(SUPPLIED DATA begins)
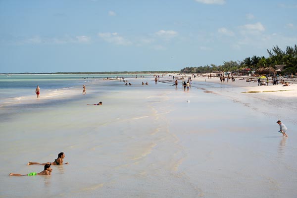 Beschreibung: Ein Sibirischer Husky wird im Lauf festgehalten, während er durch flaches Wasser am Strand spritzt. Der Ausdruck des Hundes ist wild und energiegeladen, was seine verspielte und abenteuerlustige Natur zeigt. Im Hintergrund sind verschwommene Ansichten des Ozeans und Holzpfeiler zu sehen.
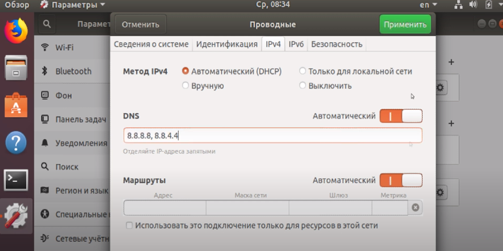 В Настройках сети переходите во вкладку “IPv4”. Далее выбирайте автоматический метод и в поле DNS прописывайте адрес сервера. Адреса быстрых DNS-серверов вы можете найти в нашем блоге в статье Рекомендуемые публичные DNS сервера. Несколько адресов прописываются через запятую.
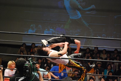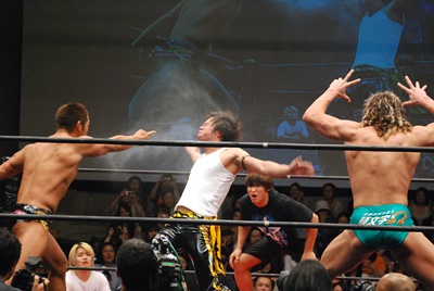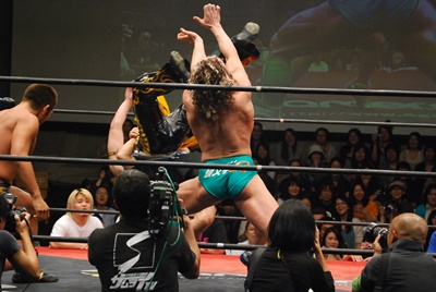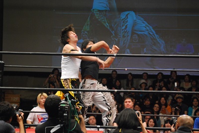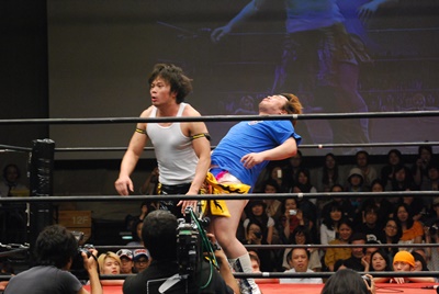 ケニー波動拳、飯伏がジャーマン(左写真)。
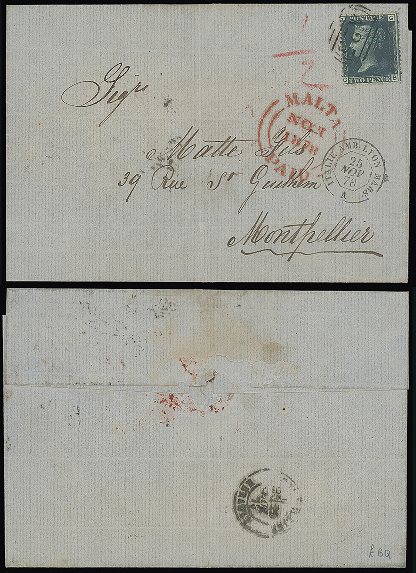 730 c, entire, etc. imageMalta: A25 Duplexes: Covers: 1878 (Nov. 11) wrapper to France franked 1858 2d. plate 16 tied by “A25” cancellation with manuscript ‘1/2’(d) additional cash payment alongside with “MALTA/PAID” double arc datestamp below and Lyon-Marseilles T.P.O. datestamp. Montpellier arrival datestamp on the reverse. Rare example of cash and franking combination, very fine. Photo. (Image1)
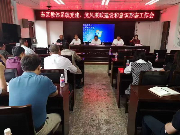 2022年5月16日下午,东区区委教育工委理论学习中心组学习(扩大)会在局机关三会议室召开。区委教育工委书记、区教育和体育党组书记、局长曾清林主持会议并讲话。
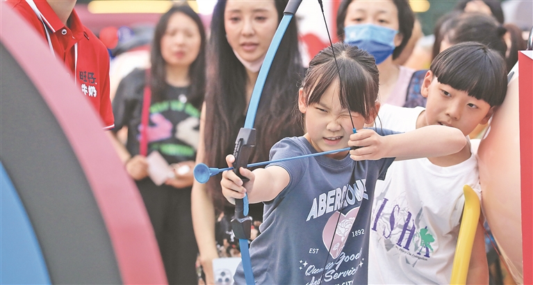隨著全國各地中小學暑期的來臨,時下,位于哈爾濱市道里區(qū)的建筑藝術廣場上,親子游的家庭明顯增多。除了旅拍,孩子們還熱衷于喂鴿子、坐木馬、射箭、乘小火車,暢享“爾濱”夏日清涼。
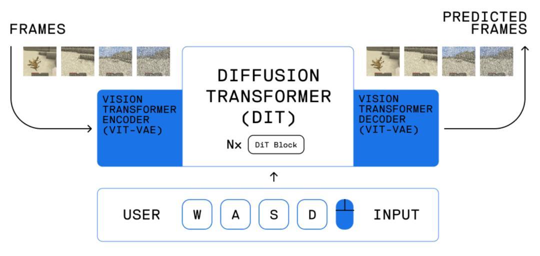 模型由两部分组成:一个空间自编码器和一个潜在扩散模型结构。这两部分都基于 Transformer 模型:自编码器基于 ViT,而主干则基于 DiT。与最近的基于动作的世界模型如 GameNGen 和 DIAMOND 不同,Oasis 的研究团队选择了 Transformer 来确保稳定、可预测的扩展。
(SUPPLIED DATA ends)
**BRIEF**
When you retype the material above, copy each line exactly and drop whatever images appear in it.

**ANSWER**
 Beschreibung: Ein Sibirischer Husky wird im Lauf festgehalten, während er durch flaches Wasser am Strand spritzt. Der Ausdruck des Hundes ist wild und energiegeladen, was seine verspielte und abenteuerlustige Natur zeigt. Im Hintergrund sind verschwommene Ansichten des Ozeans und Holzpfeiler zu sehen.
 В Настройках сети переходите во вкладку “IPv4”. Далее выбирайте автоматический метод и в поле DNS прописывайте адрес сервера. Адреса быстрых DNS-серверов вы можете найти в нашем блоге в статье Рекомендуемые публичные DNS сервера. Несколько адресов прописываются через запятую.
 ケニー波動拳、飯伏がジャーマン(左写真)。
 730 c, entire, etc. imageMalta: A25 Duplexes: Covers: 1878 (Nov. 11) wrapper to France franked 1858 2d. plate 16 tied by “A25” cancellation with manuscript ‘1/2’(d) additional cash payment alongside with “MALTA/PAID” double arc datestamp below and Lyon-Marseilles T.P.O. datestamp. Montpellier arrival datestamp on the reverse. Rare example of cash and franking combination, very fine. Photo. (Image1)
 2022年5月16日下午,东区区委教育工委理论学习中心组学习(扩大)会在局机关三会议室召开。区委教育工委书记、区教育和体育党组书记、局长曾清林主持会议并讲话。
隨著全國各地中小學暑期的來臨,時下,位于哈爾濱市道里區(qū)的建筑藝術廣場上,親子游的家庭明顯增多。除了旅拍,孩子們還熱衷于喂鴿子、坐木馬、射箭、乘小火車,暢享“爾濱”夏日清涼。
 模型由两部分组成:一个空间自编码器和一个潜在扩散模型结构。这两部分都基于 Transformer 模型:自编码器基于 ViT,而主干则基于 DiT。与最近的基于动作的世界模型如 GameNGen 和 DIAMOND 不同,Oasis 的研究团队选择了 Transformer 来确保稳定、可预测的扩展。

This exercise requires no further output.